*Exercise details*
Set down, exactly and only, everything from the line containing "Шорти прикрашені малюнками" down to the line containing "A kollektor lehetővé" in the data below; the pictures are not part of the copy.

*Dataset content*
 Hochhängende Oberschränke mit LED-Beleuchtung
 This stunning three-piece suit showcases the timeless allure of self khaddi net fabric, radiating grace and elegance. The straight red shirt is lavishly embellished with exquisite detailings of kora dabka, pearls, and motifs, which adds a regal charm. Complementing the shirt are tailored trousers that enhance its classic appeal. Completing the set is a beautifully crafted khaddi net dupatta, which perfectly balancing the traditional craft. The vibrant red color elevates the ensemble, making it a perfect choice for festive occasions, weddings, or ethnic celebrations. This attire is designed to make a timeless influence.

--

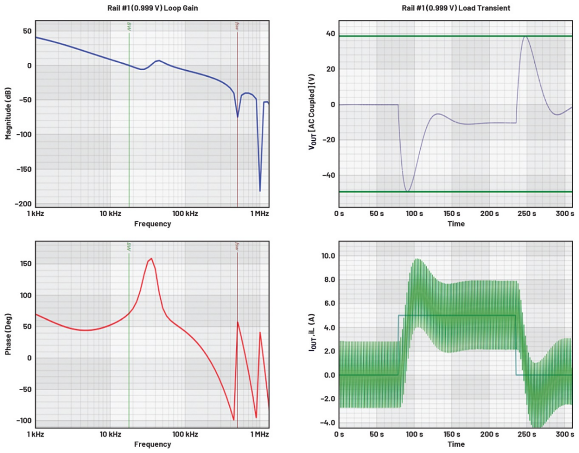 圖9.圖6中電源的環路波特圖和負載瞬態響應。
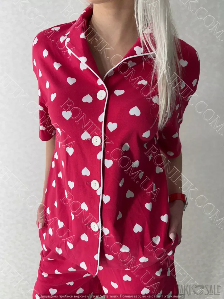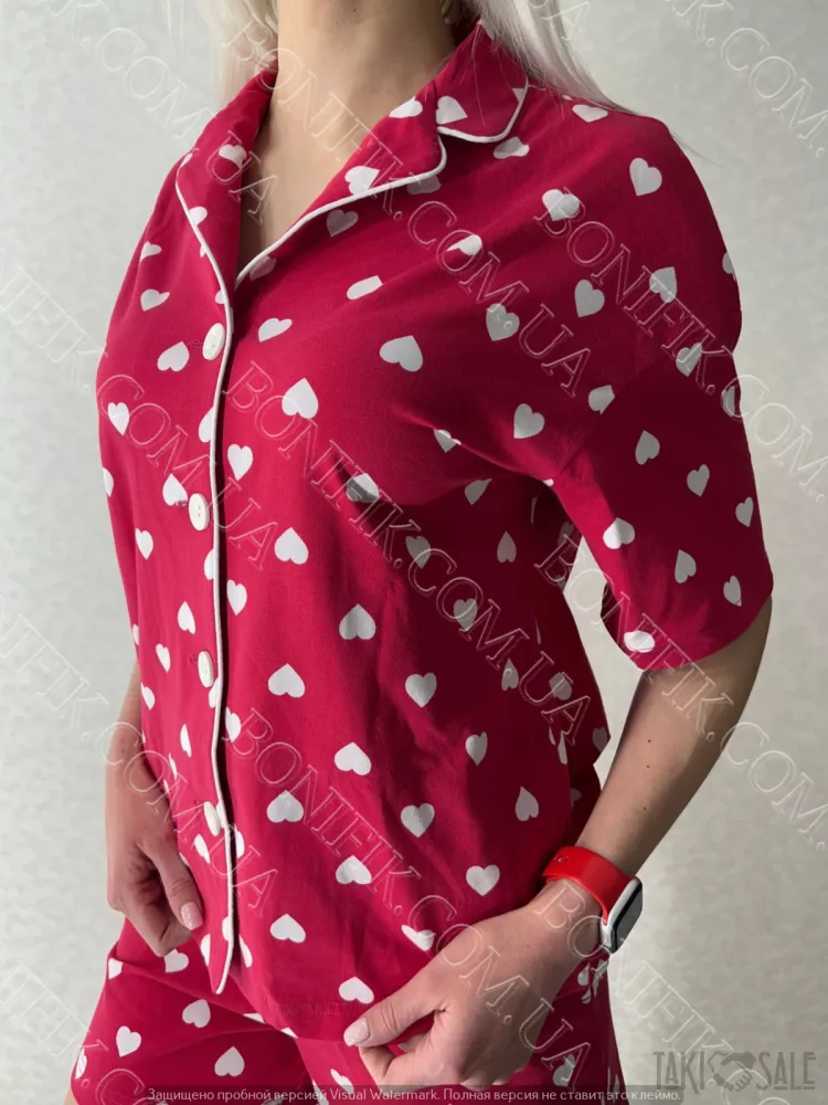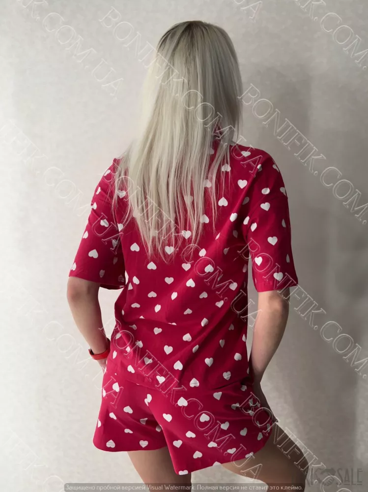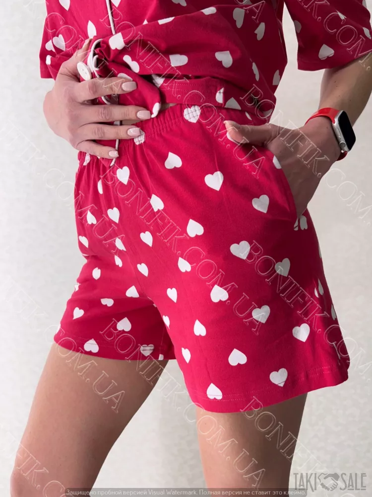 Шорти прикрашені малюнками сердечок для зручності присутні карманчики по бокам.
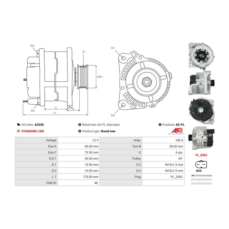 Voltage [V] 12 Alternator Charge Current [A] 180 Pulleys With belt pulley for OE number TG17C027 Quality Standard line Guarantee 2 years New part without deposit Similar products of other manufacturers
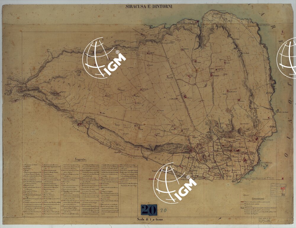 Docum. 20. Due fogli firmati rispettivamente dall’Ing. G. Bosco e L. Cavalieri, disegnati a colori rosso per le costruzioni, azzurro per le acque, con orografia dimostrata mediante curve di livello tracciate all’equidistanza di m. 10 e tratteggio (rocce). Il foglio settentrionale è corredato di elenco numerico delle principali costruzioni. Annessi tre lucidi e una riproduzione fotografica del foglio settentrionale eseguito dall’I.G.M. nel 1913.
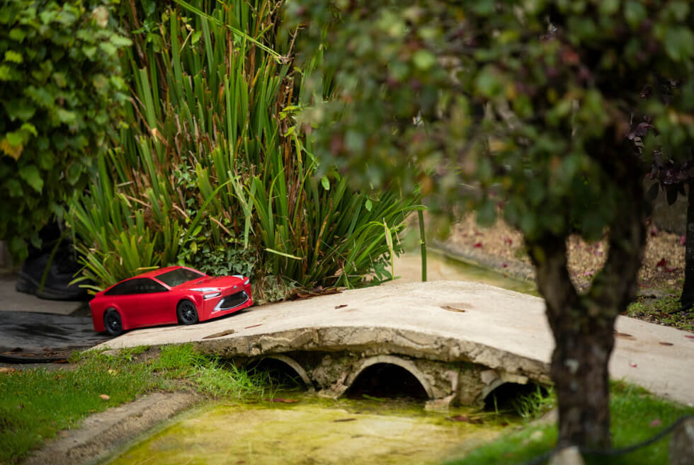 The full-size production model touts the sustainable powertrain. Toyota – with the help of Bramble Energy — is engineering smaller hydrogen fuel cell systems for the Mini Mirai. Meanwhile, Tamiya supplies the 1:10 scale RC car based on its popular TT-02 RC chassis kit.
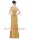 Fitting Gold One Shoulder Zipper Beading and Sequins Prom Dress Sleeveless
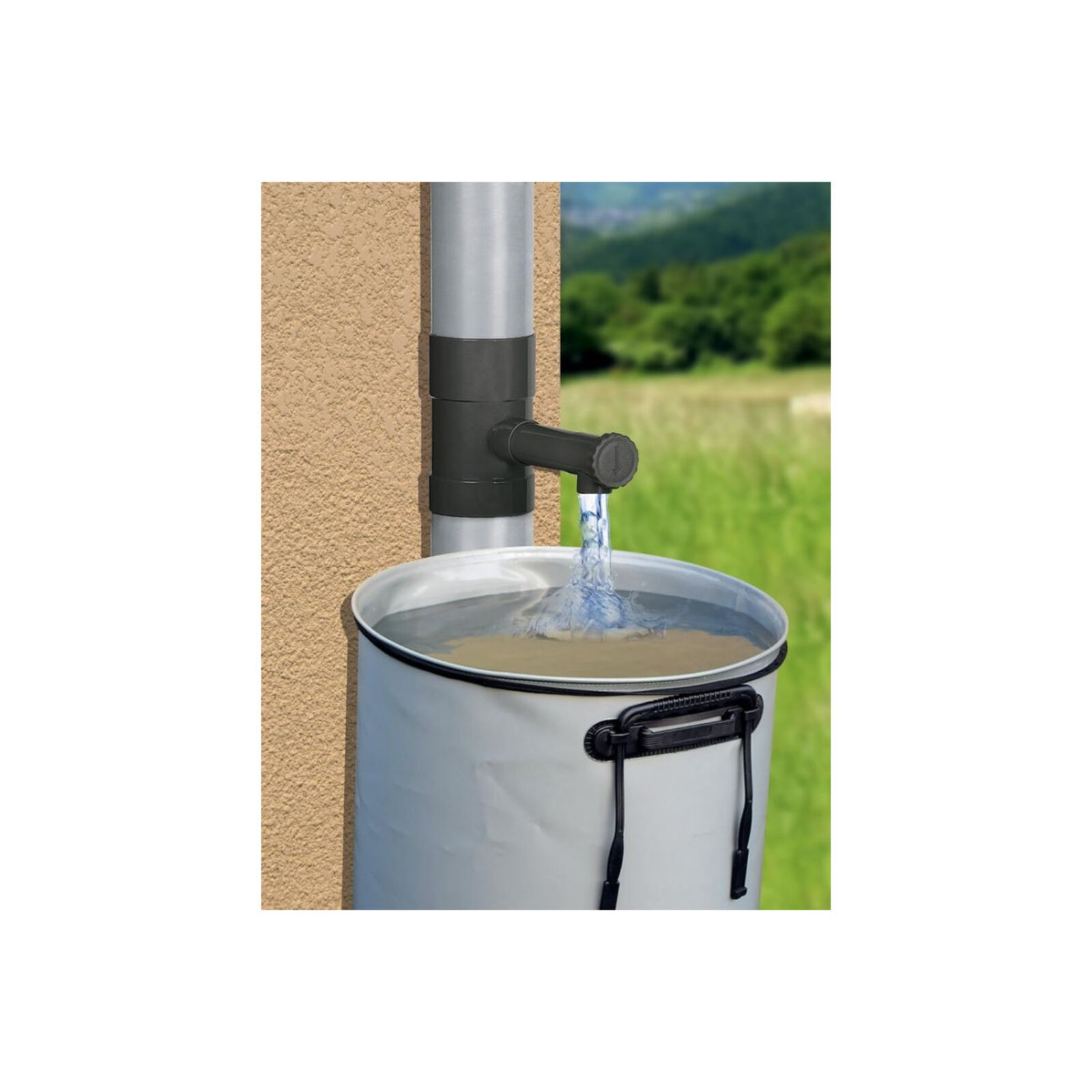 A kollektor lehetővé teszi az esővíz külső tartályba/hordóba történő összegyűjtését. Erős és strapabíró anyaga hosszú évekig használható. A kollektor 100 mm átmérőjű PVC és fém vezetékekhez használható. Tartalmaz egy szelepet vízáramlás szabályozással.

*Worked solution*
 Шорти прикрашені малюнками сердечок для зручності присутні карманчики по бокам.
 Voltage [V] 12 Alternator Charge Current [A] 180 Pulleys With belt pulley for OE number TG17C027 Quality Standard line Guarantee 2 years New part without deposit Similar products of other manufacturers
 Docum. 20. Due fogli firmati rispettivamente dall’Ing. G. Bosco e L. Cavalieri, disegnati a colori rosso per le costruzioni, azzurro per le acque, con orografia dimostrata mediante curve di livello tracciate all’equidistanza di m. 10 e tratteggio (rocce). Il foglio settentrionale è corredato di elenco numerico delle principali costruzioni. Annessi tre lucidi e una riproduzione fotografica del foglio settentrionale eseguito dall’I.G.M. nel 1913.
 The full-size production model touts the sustainable powertrain. Toyota – with the help of Bramble Energy — is engineering smaller hydrogen fuel cell systems for the Mini Mirai. Meanwhile, Tamiya supplies the 1:10 scale RC car based on its popular TT-02 RC chassis kit.
 Fitting Gold One Shoulder Zipper Beading and Sequins Prom Dress Sleeveless
 A kollektor lehetővé teszi az esővíz külső tartályba/hordóba történő összegyűjtését. Erős és strapabíró anyaga hosszú évekig használható. A kollektor 100 mm átmérőjű PVC és fém vezetékekhez használható. Tartalmaz egy szelepet vízáramlás szabályozással.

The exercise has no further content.